While the incisiveness of the early pacts was largely gone (Carrieri
2008), the parties continued to negotiate national-level agreements
well into the twenty-first century, following what had become a rather
predictable pattern: when the centre-left coalition was in power, all
three confederations shared responsibility for the final agreement;
when the government was in the hands of the centre-right coalition,
the CISL and UIL (as well as the other union confederations) signed,
while the CGIL dug its heels in. The CGIL seemed to find it difficult to
negotiate agreements with a government it did not trust.

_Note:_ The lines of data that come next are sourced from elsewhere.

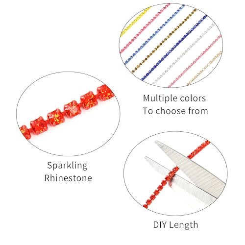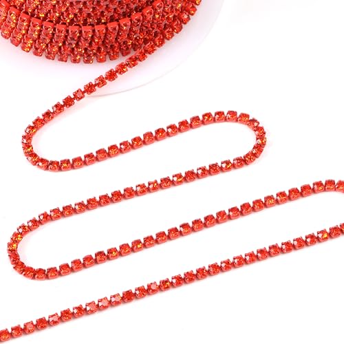 Rytenz 10 yards, 2MM crystal rhinestone close chain trim in red-orange. Perfect for sewing, crafts, DIY decoration, jewelry, clothing, and shoes.
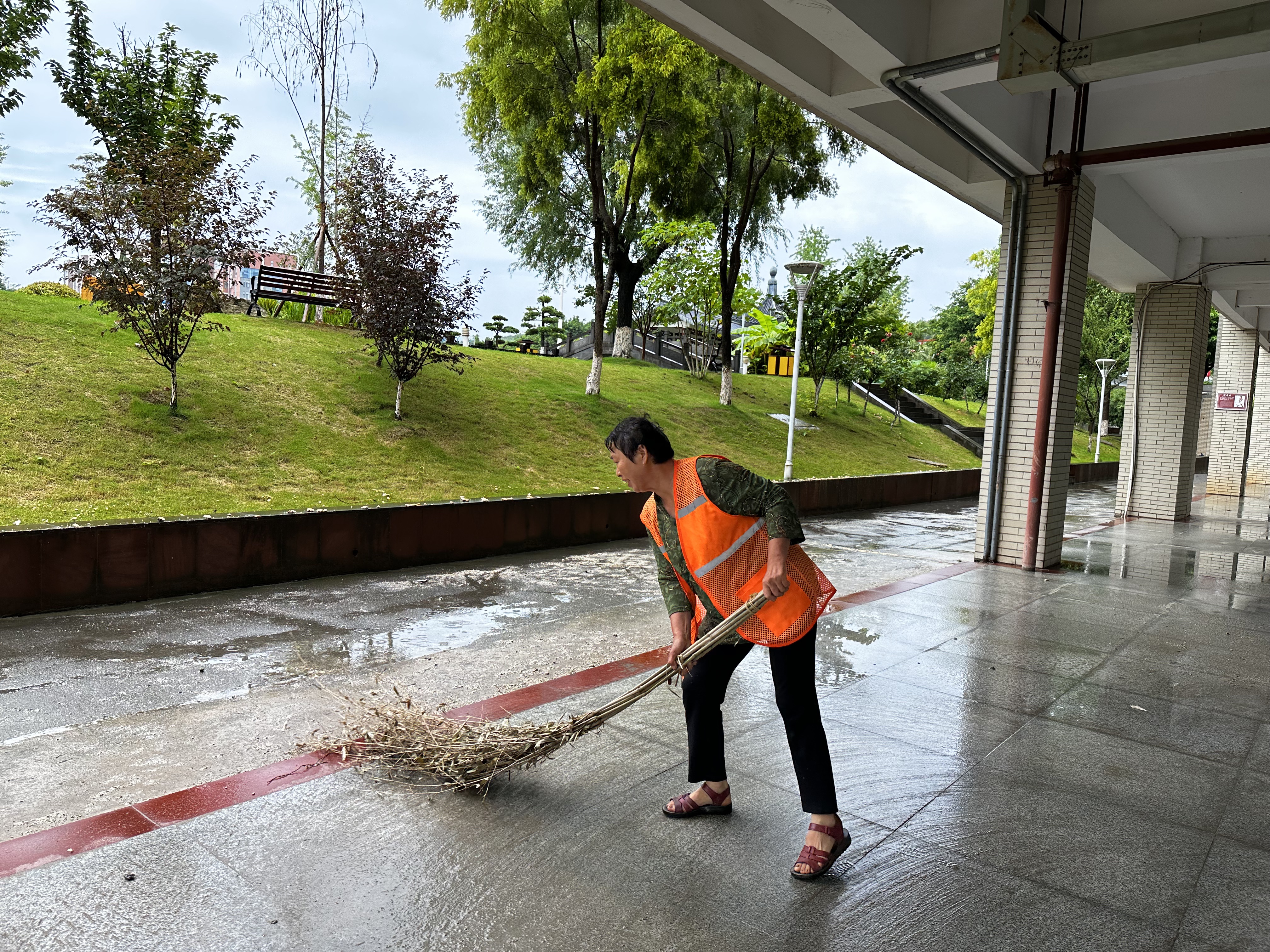 保洁迅速清扫路面积水
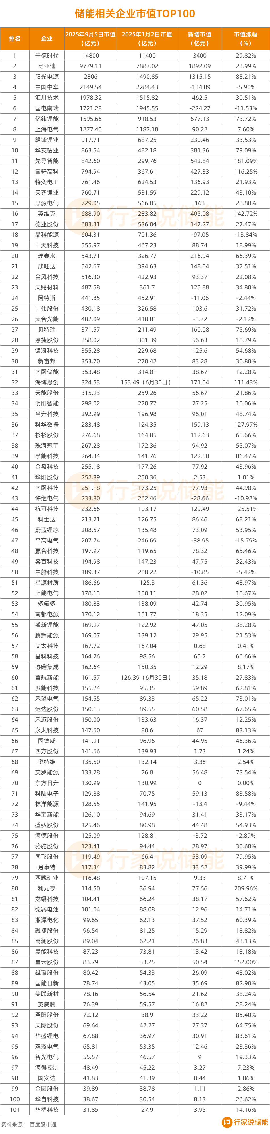 中國儲能網(wǎng)訊:據(jù)行家說儲能統(tǒng)計,儲能相關企業(yè)TOP100+總市值達60112億元。
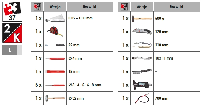 Zestaw młotków, przecinaków, wybijaków do zawleczek do VW i AUDI VIGOR - V4511
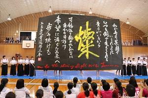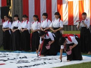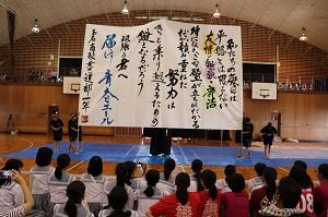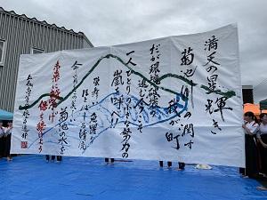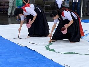 南関町にあるエコアくまもとで行われた「菊池川の日スペシャルinなんかん」で、書道パフォーマンスを披露しました。参加者の皆さまに間近で観覧いただき、大変うれしかったです。生徒達にとってもよい思い出になりました。このような機会を与えていただき、ありがとうございました。
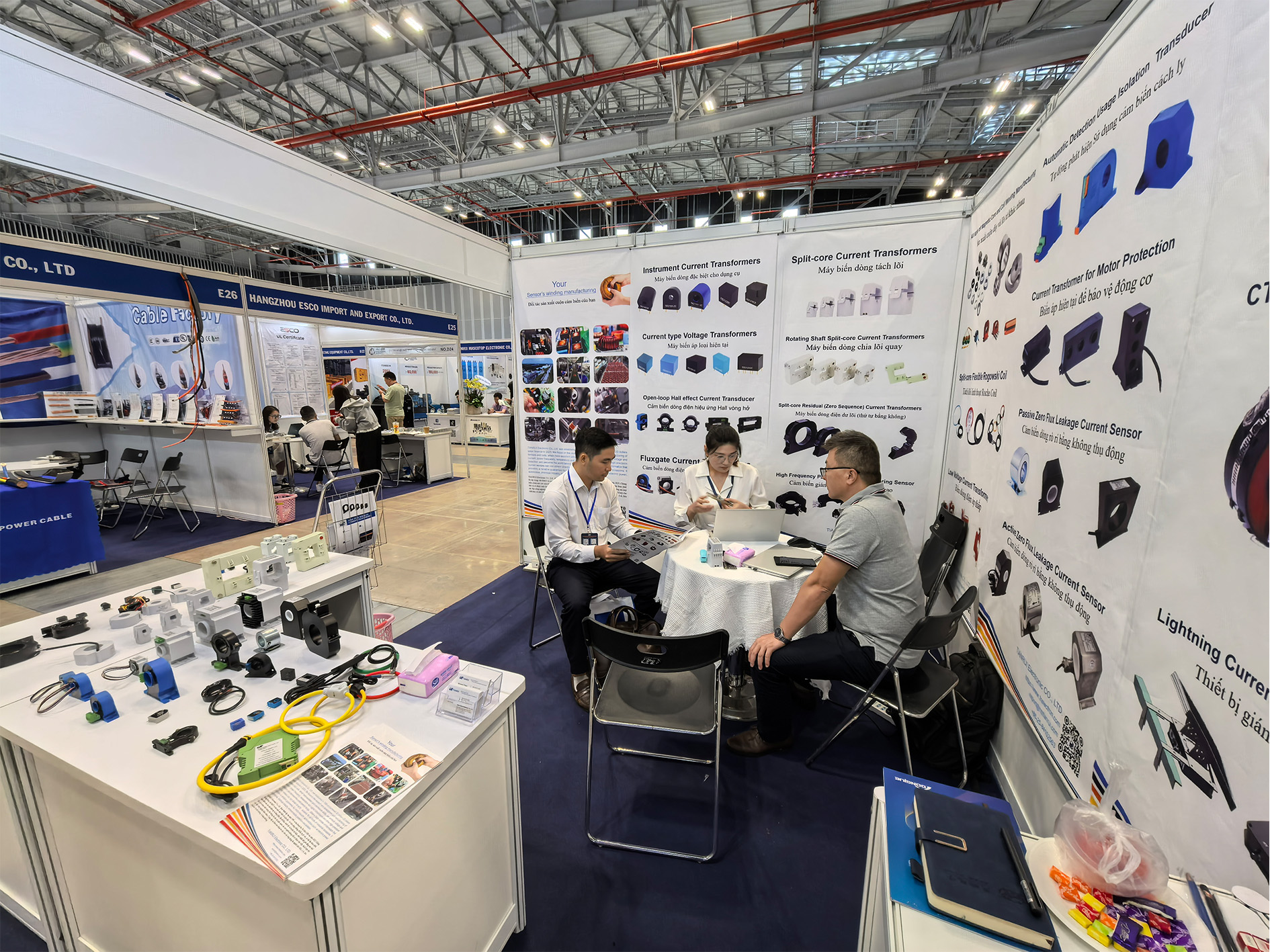 会上,天瑞电子自主研发和生产的开合式电流互感器,交直流传感器,罗氏线圈等产品吸引了不少国内外客户前来咨询洽谈,并且和越南当地客户、白俄罗斯等地客户进行了深入的交流,达成了初步的合作意向。
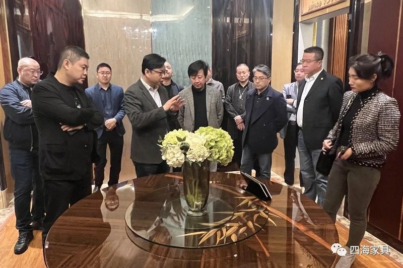 參觀過程中,公司領導向在場嘉賓傳遞工匠傳承精神和高品質生活理念,得到大家的高度認可。同時,四海家具也憑借著整體家居定制實力、工程配套服務實力,與融創、萬達、萬豪、索菲特、長隆等國內外高級酒店集團展開長期合作,全力打造高質量體驗場所及休閑空間。
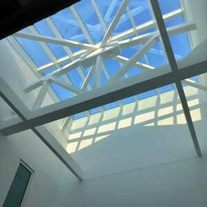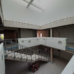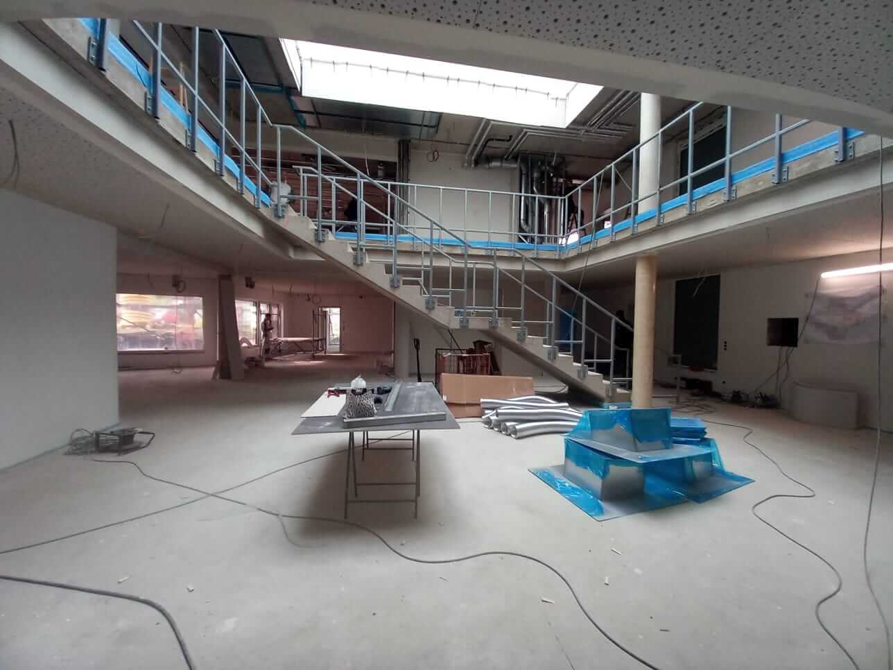 Nach Installation der Fenster ist die Gebäudehülle jetzt geschlossen, so dass der Innenausbau starten konnte. Derzeit arbeiten parallel verschiedene Firmen zum Beispiel aus den Bereichen Elektro, Sanitär, Innenputz und Trockenbau mit teilweise mehr als 30 Personen auf der Baustelle. Inzwischen wurde auch das neue Dachfenster in die Dachfläche eingesetzt. Zukünftig wird über dieses Dachfenster Tageslicht in das ganze Gebäude scheinen, bis ins Atrium der Kita.

Retrospectively, it could be argued that without the centralised
agreements of the 1990s, Italy would not have joined the single
European currency. Whether economic conditions would be worse
than they currently are as a result is impossible to say. However, the
resurgence of tripartite negotiations did nothing to prevent continuous
erosion of the unions’ representation capacity among active workers,
especially in the private sector.
After 2009, the financial and economic crisis weakened social concer-
tation at the national level even further. Faced with pressure from financial
markets, all governments—Berlusconi (centre-right), Monti (technical),
Letta (centre-left) and Renzi (centre-left)—have refused to seriously nego-
tiate with the social partners on crucial government choices concerning
the pension system and labour market (deregulation).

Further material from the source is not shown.